== Aim of the exercise ==
Leave out every picture and set down, exactly, the lines below from the one holding "Самые простые и" up to and including the one holding "You will be".

Items listed in a dataset:
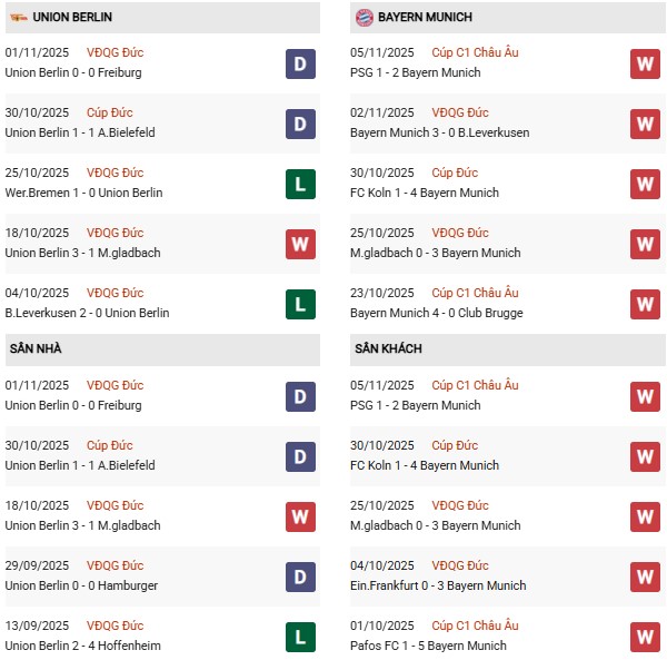 Thống kê phong độ Union Berlin vs Bayern Munich:
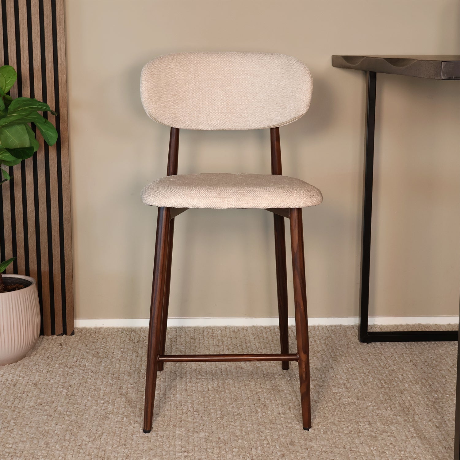 Barkruk Japandi beige Reika walnoot
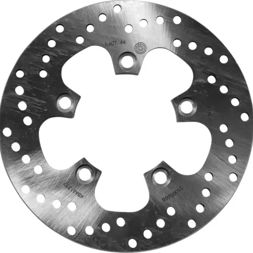 Brembo Serie Oro motorcycle brake discs are manufactured with a specific drilling pattern for improved heat dissipation. Brembo's extensive experience has made it possible to define the most suitable geometries, tolerances, and dimensions for each type of motorcycle and use.
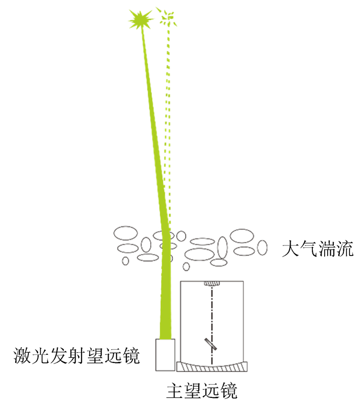 自适应光学系统需要足够亮度的导引星作为波前探测的信标,可以利用目标本身作为信标,也可以在目标的等晕区范围内寻找一颗合适亮度的自然导引星作为信标, 这样的系统称为自然导引星自适应光学(NGS-AO)系统。1985年,文[1]提出将人造激光导引星应用于天文自适应观测。激光导引星发射在目标的等晕区范围内,用于自适应光学系统的波前探测,这样的系统称为激光导引星自适应光学(LGS-AO)系统。理想的人造信标需要具有足够亮度,并且与目标的相对位置稳定。目前激光导引星虽然能够达到满足天文观测的亮度(Keck Ⅱ望远镜配备的下一代激光系统能够在天顶角小于15°范围内制造相当于R波段7.5等亮度的钠导星[2]),但是并不稳定,还需要在倾斜等晕区范围内寻找一颗恒星为其校正波前倾斜。如图 1,激光上行光路受大气湍流的影响,瞬时的激光信标与激光发射光轴有一定的偏移,这导致自适应光学系统波前传感器探测到的激光导引星波前倾斜量失真。
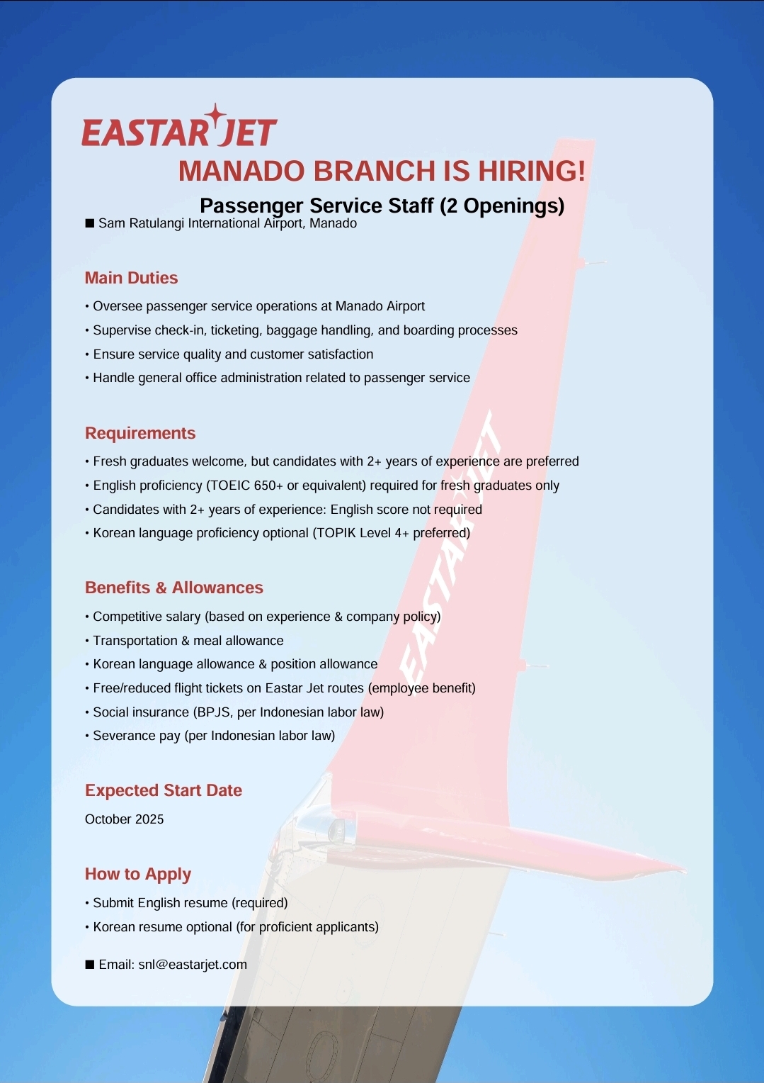 Seiring rute perdana tersebut, Eastar Jet membuka kesempatan berkarir sebagai Passenger Service Staff. “Saatnya wujudkan mimpi berkarir di maskapai penerbangan Korea dan raih kesempatan global,” tulis manajemen. (Redaksi)
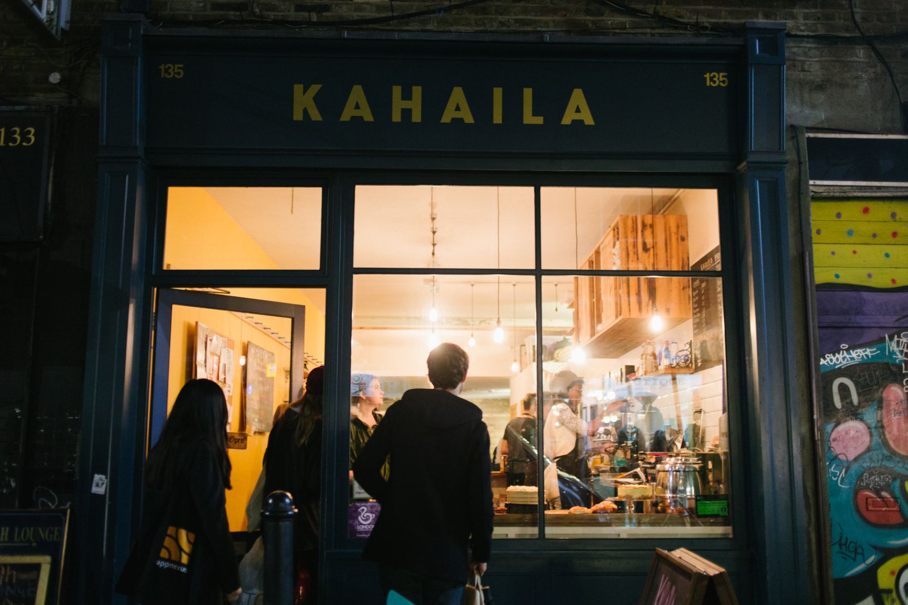 Kahaila er í Austur London á hinni einu sönnu Brick Lane, mekka hipstersins. Á þeirri götu og í hverfinu þar í kring er mikið úrval af skemmtilegum kaffihúsum. Á Kahaila er andrúmsloftið þægilegt, nóg pláss og og sanngjarnt verð. Kökurnar í glugganum laða hvern viðskiptavininn inn af öðrum og er rauða flauelskakan í uppáhaldi flestra, okkar þar á meðal.
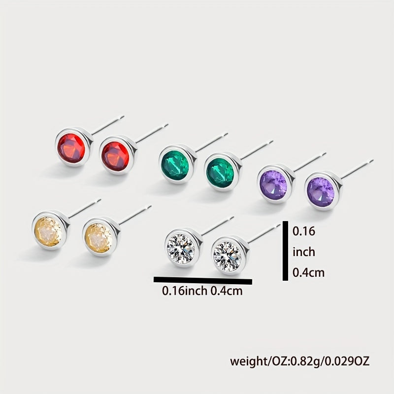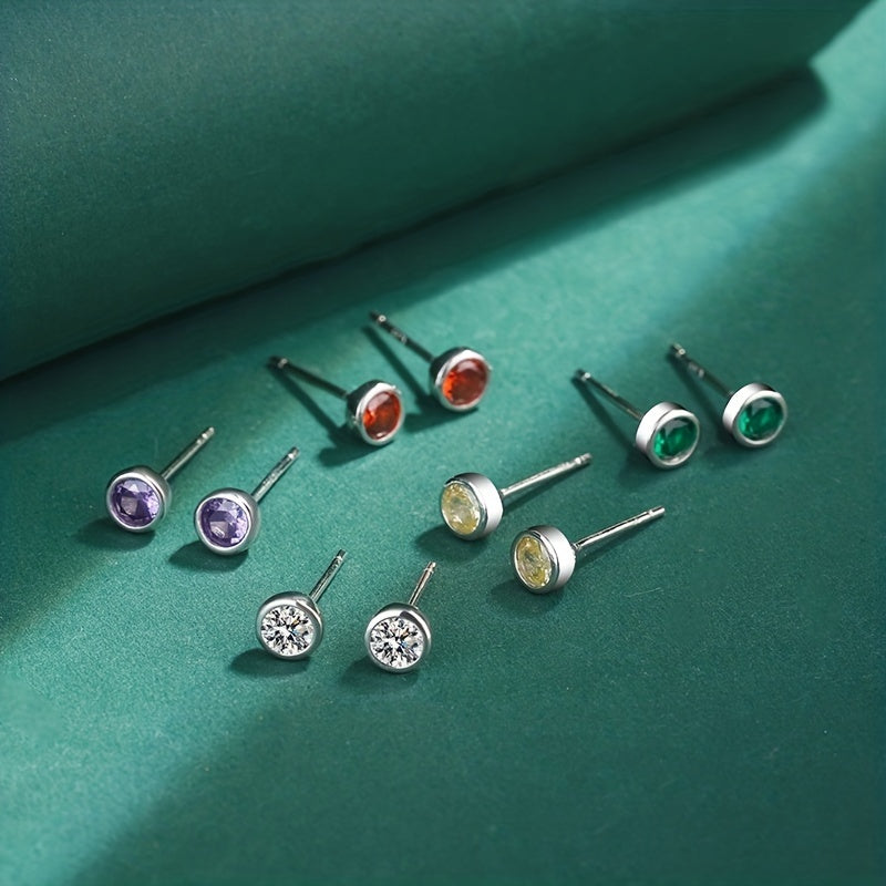 Colorful Zircon Stud Earrings Sterling 925 Silver Plated Jewelry
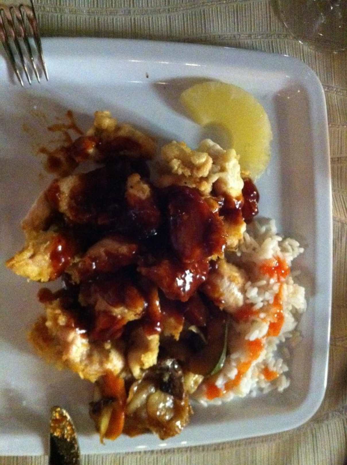 Hähnchen in süßsaurer Sausse mit Reis und Gemüse
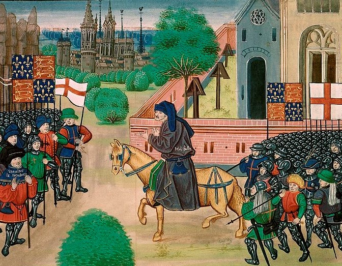 The most famous and influential visual portrayal is from the illuminated Froissart manuscript (c. 1460–1480), featuring ‘Jehan Balle’ and the rebels with the banner of St George (British Library MS Royal 18 E. I f.165v).
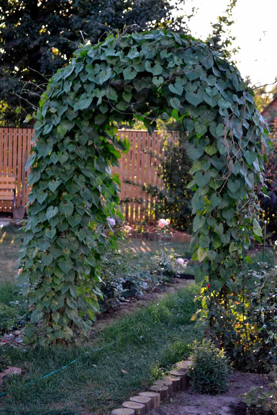 Самые простые и практически не требующие ухода плющ и виноград. Плющ, это вечнозеленое растение, неприхотливое и морозоустойчивое, так что будет украшать вашу арку круглый год. Правда плющ растет довольно медленно, так что только через несколько лет можно будет полюбоваться результатом. Если не хотите ждать, посадите виноград, есть много декоративных сортов, например, девичий, его листья очень красивые осенью или Куанье, с красивыми резными листочками.
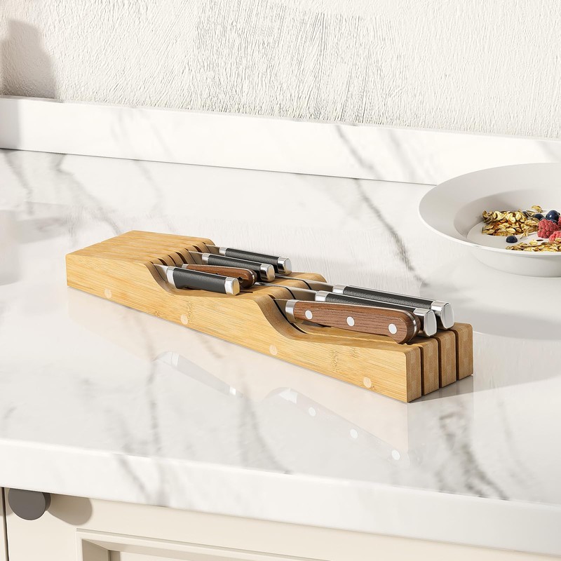 Bamboo In-Drawer Knife Block for 7 Knives(Not Included), Knife Drawer Organizer,Knife Holder Countertop,Block Knife Storage Organizer for Kitchen
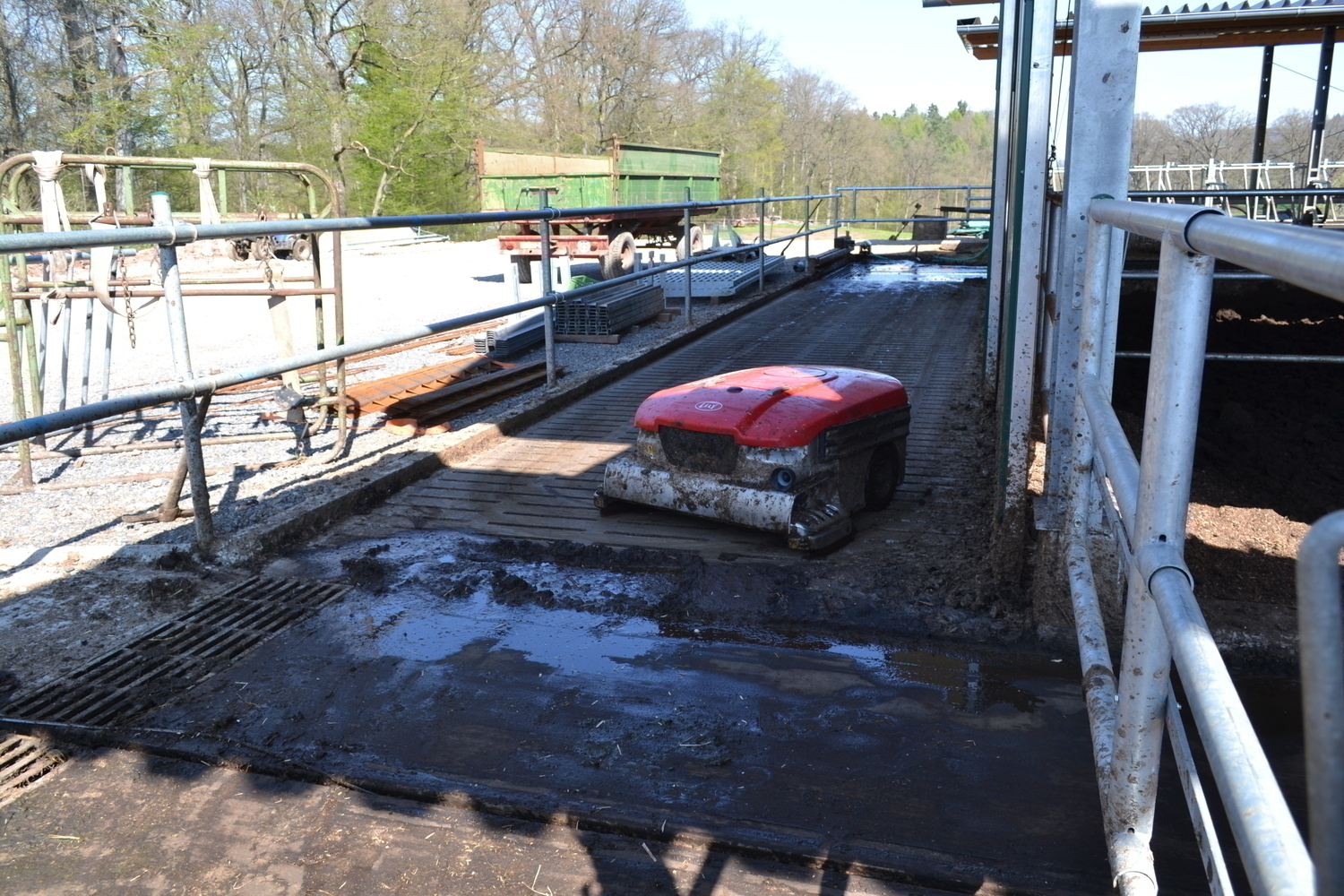 Der Saug-Entmistungsroboter reinigt die Fressgänge, die Übergänge und den Wartehof.
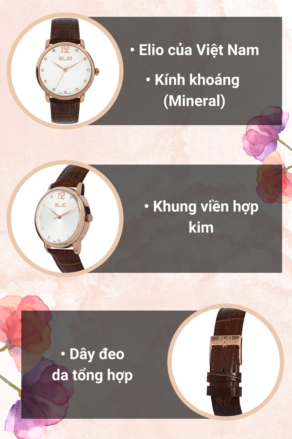 - Đồng hồ Elio với kiểu dáng, mẫu mã năng động, trẻ trung phù hợp với mọi lứa tuổi, đồng thời đồng hồ Elio còn mang vẻ đẹp sang trọng, lịch lãm. Đặc biệt đồng hồ Elio còn sử dụng bộ máy của Nhật Bản với chất lượng và độ bền cao.
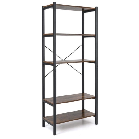 • Costway5-Tier Bookshelf Bookcase with Metal Frame and Dual Anti-Tipping Kits-Rustic Brown
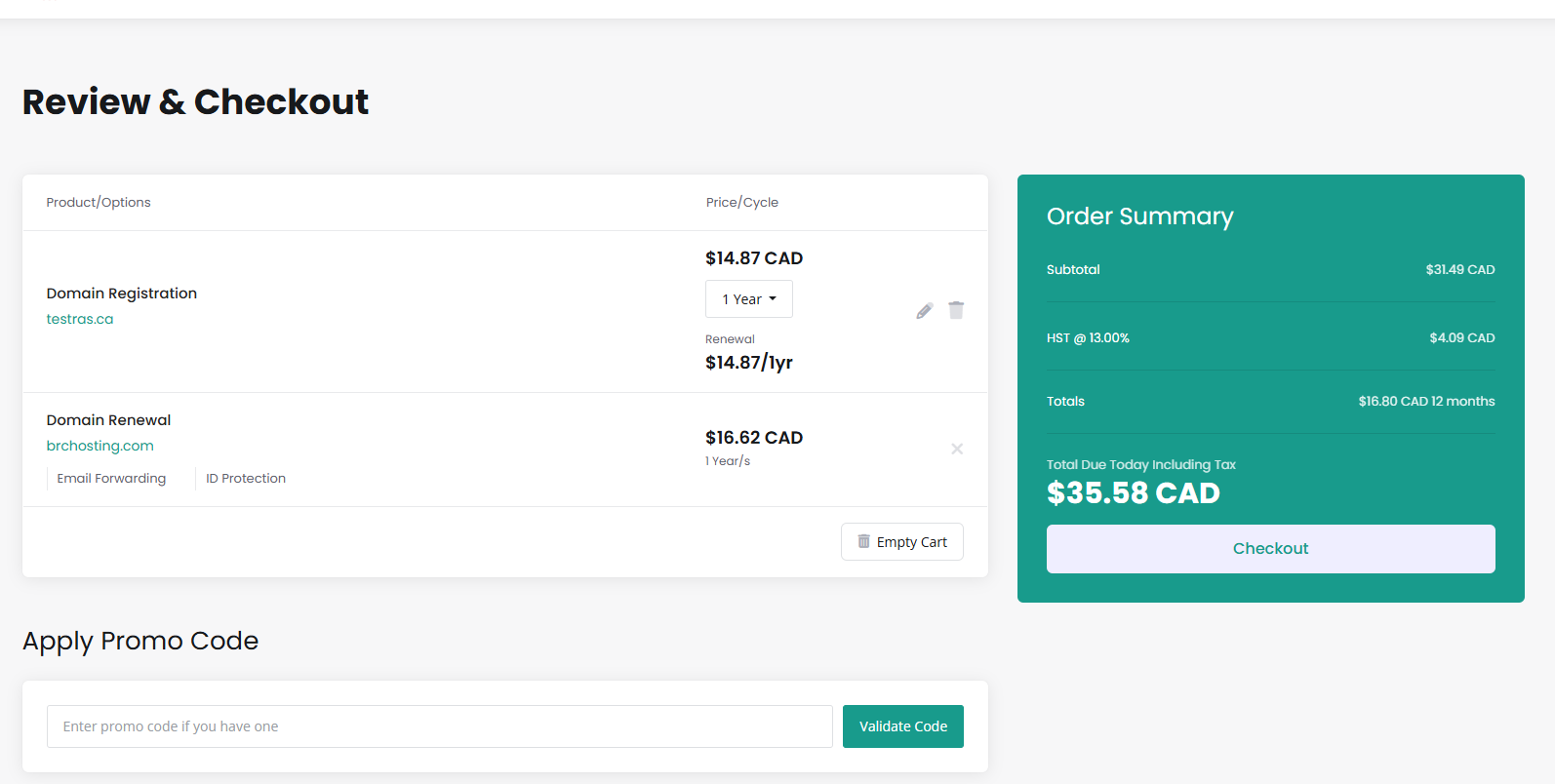 You will be taken to the Shopping cart, you are now a few steps from registering your new domain name.
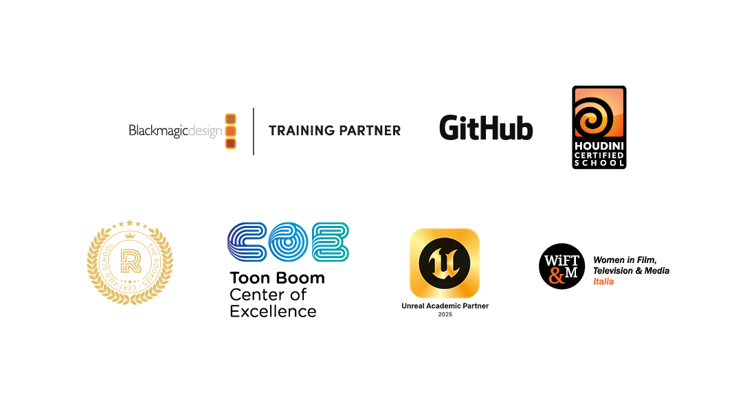 Grazie alle prestigiose partnership attivate dall’Area Media Design and New Technologies di NABA, a conferma dell’eccellenza della sua metodologia didattica e del costante aggiornamento della sua Faculty, l'Accademia è Centre of Excellence di Toon Boom, ha ottenuto lo status Gold come Unreal Academic Partner per il 2025 ed è certificata come GitHub Campus. NABA è inoltre la prima Accademia di Belle Arti accreditata come Rookies Certified School e l’unica Accademia italiana a essere riconosciuta come Houdini Certified School.

== Output ==
 Самые простые и практически не требующие ухода плющ и виноград. Плющ, это вечнозеленое растение, неприхотливое и морозоустойчивое, так что будет украшать вашу арку круглый год. Правда плющ растет довольно медленно, так что только через несколько лет можно будет полюбоваться результатом. Если не хотите ждать, посадите виноград, есть много декоративных сортов, например, девичий, его листья очень красивые осенью или Куанье, с красивыми резными листочками.
 Bamboo In-Drawer Knife Block for 7 Knives(Not Included), Knife Drawer Organizer,Knife Holder Countertop,Block Knife Storage Organizer for Kitchen
 Der Saug-Entmistungsroboter reinigt die Fressgänge, die Übergänge und den Wartehof.
 - Đồng hồ Elio với kiểu dáng, mẫu mã năng động, trẻ trung phù hợp với mọi lứa tuổi, đồng thời đồng hồ Elio còn mang vẻ đẹp sang trọng, lịch lãm. Đặc biệt đồng hồ Elio còn sử dụng bộ máy của Nhật Bản với chất lượng và độ bền cao.
 • Costway5-Tier Bookshelf Bookcase with Metal Frame and Dual Anti-Tipping Kits-Rustic Brown
 You will be taken to the Shopping cart, you are now a few steps from registering your new domain name.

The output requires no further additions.